The players would come to the rink, and Berenson would be sweating on the NordicTrack to stay in shape. They would come back for alumni games and he’d be backchecking. They come back now, and he’s still working in the athletic department as an adviser at age 79.
“You as a player, a college kid, would be like, ‘Oh my god, I can’t let Coach work harder than me,'” said Herr, who played forward at Michigan from 1994-98 and 58 NHL games from 1998-2003. “You always felt like you were letting him down if you didn’t work hard.”
Berenson helped 73 players go from Michigan to the NHL. About a third of NHL players today have spent at least some time in college in the United States.
“When you look at the NHL now, it’s not an exception when a college player makes the jump to the NHL,” Berenson said. “In fact, it’s the norm. I know when I started, it wasn’t.”
But what really matters to Berenson is that players don’t have to give up their education to pursue their dream, because most don’t make the NHL and no one plays forever.
Take Botterill. The Dallas Stars selected him No. 20 in the 1994 NHL Draft. He could have left school early but stayed four years. He played 88 NHL games and retired because of concussions, but went back to Michigan and earned his MBA, like Berenson did. He’s now general manager of the Buffalo Sabres.
Berenson constantly pressed his players about post-hockey plans. They’ll tell you he is most proud of those who went on to careers in medicine, law, finance and business.
More than anything, he wanted to make sure his players were ready for life.

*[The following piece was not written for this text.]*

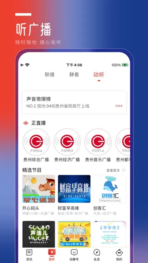 【视听】整合电视,广播,联播精彩内容,直播+点播、您想听的声音和想看的节目都在这里

“He walked the walk,” said Blake Sloan, who played four seasons (1993-97) as a defenseman at Michigan and had a 16-season pro career as a forward, including 290 NHL games and a Stanley Cup championship with Dallas in 1999. “He was demanding, but there was a great, great, great deal of respect that he earned because of that.
“And guys listened. Guys really wanted to go out and do the things that he asked, because they wanted to please him. They wanted to do what was right.”